La profilassi con vitamina D dovrebbe, pertanto, essere eseguita nelle condizioni di ridotta esposizione solare a dosaggi giornalieri, che sono influenzati dall’età del soggetto e dalla presenza di eventuali fattori di rischio aggiuntivi, in particolare l’obesità. Il colecalciferolo è la terapia di prima scelta sia nella prevenzione sia nel trattamento della carenza di vitamina D. I metaboliti/analoghi idrossilati sono indicati in particolari condizioni cliniche (epatopatie, ipoparatiroidismo, malassorbimenti, ecc.).

La Nota 96 AIFA, che ha regolamentato la rimborsabilità della vitamina D nella popolazione adulta, ha mantenuto invariate le indicazioni in età pediatrica. Riguardo la profilassi, per mantenere livelli adeguati di vitamina D nei bambini e adolescenti è raccomandato un supplemento giornaliero di 600 UI, mentre è raccomandato un supplemento di 400 UI nel primo anno di vita.
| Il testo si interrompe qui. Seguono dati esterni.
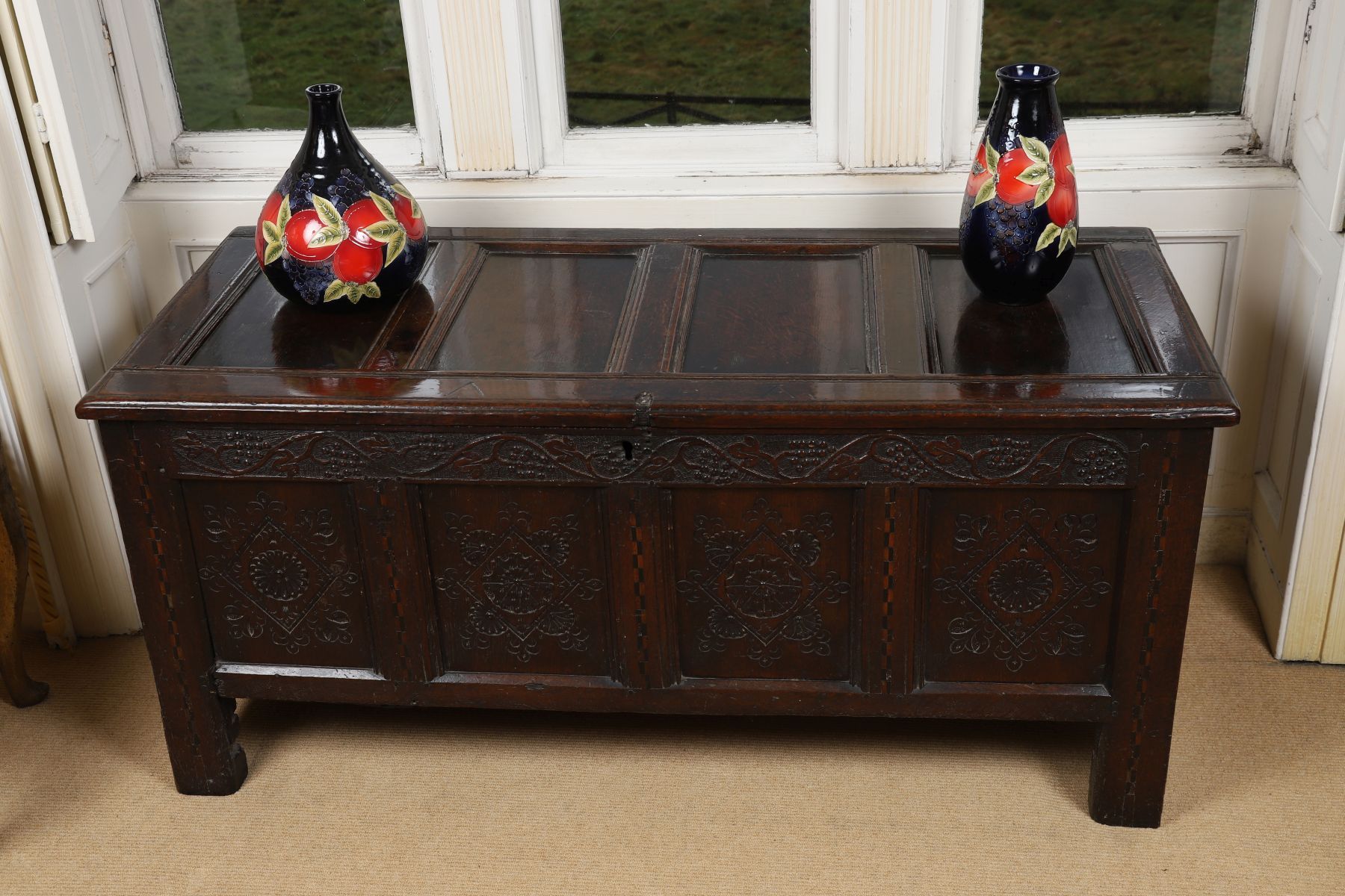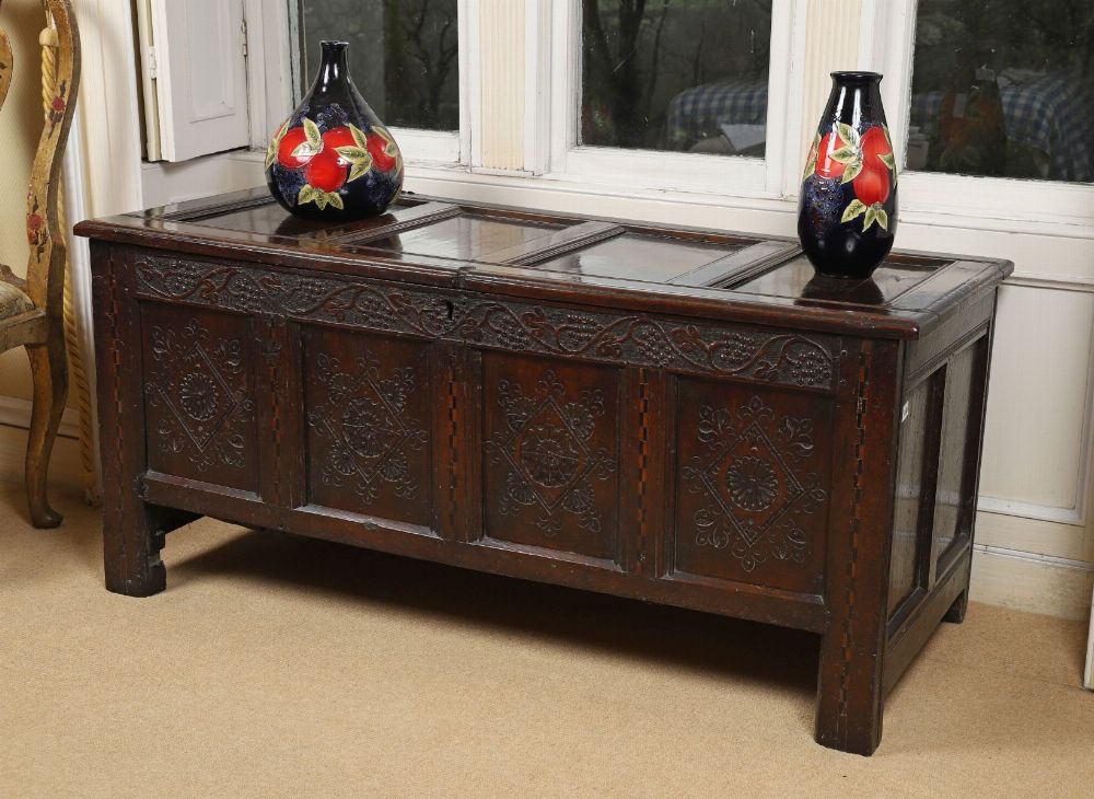 Lot 323 18TH-CENTURY CARVED OAK TRUNK

Nei bambini e adolescenti a rischio di deficit, il dosaggio suggerito può essere aumentato fino a 1.000 UI/die. Tra i diversi fattori di rischio per l’incremento di dosaggio fin dalla nascita vi è l’etnia non caucasica con fenotipo cutaneo scuro. Nei bambini e adolescenti con scarsa esposizione solare durante l’’estate, si suggerisce una supplementazione con colecalciferolo nel periodo autunno-primavera (novembre-aprile), mentre tale supplementazione è da proseguire tutto l’anno in caso di fattori di rischio permanenti per il deficit (come il fenotipo cutaneo). Se vi è anche una condizione di obesità, si suggeriscono 1.500 UI/ die almeno durante il periodo novembre-aprile. Se il soggetto con obesità presenta una ridotta esposizione solare anche nei mesi primaverili-estivi, solitamente per abitudini di vita sedentarie, se ne consiglia la profilassi a dosi aumentate durante tutto l’anno. Riguardo il deficit di vitamina D, i dosaggi di colecalciferolo consigliati sono, invece, 2.000 UI/die o 50.000 UI/settimana per 6-8 settimane, per ottenere uno stato di sufficienza di vitamina D.

In condizione di obesità si suggeriscono dosi raddoppiate-triplicate (4.000-6.000 UI/die) con medesimo schema settimanale, come da indicazioni dell’Endocrine Society. Dopo il trattamento, si suggeriscono le dosi per la supplementazione secondo i fattori di rischio coesistenti. Inoltre, la Consensus della SIP, SIPSS e FIMP promuove l’esposizione alla luce solare secondo le indicazioni soprastanti e l’attività fisica all’aria aperta durante il periodo primaverile ed estivo.

Conclusioni

 

I dati presenti in letteratura dimostrano con chiarezza che la ridotta esposizione solare è un fattore di rischio per il deficit di vitamina D, anche in aree geografiche a più elevato irraggiamento. Non vi sono ancora dati sufficienti volti a dimostrare la dose di UVB ideale in base ai molteplici fattori implicati nella sintesi di vitamina D a livello cutaneo come l’età, il fenotipo cutaneo o l’etnia.

Si suggerisce, pertanto, di promuovere uno stile di vita sano, una dieta adeguata, l’attività fisica e il gioco libero all’aperto, con adeguate protezioni solari nelle ore a maggior irraggiamento per la prevenzione dei tumori cutanei.

Una supplementazione con vitamina D è suggerita se esistano fattori di rischio concomitanti o se non vi sia esposizione solare adeguata nelle prime ore del mattino, in particolare nei mesi autunnali-primaverili.

Di Flavia Prodam

Dipartimento di Scienze della Salute; SCDU Endocrinologia, Dipartimento di Medicina Traslazionale, Università del Piemonte Orientale, Novara

 Da “ilmedicopediatra” Periodico della Federazione Italiana Medici Pediatri.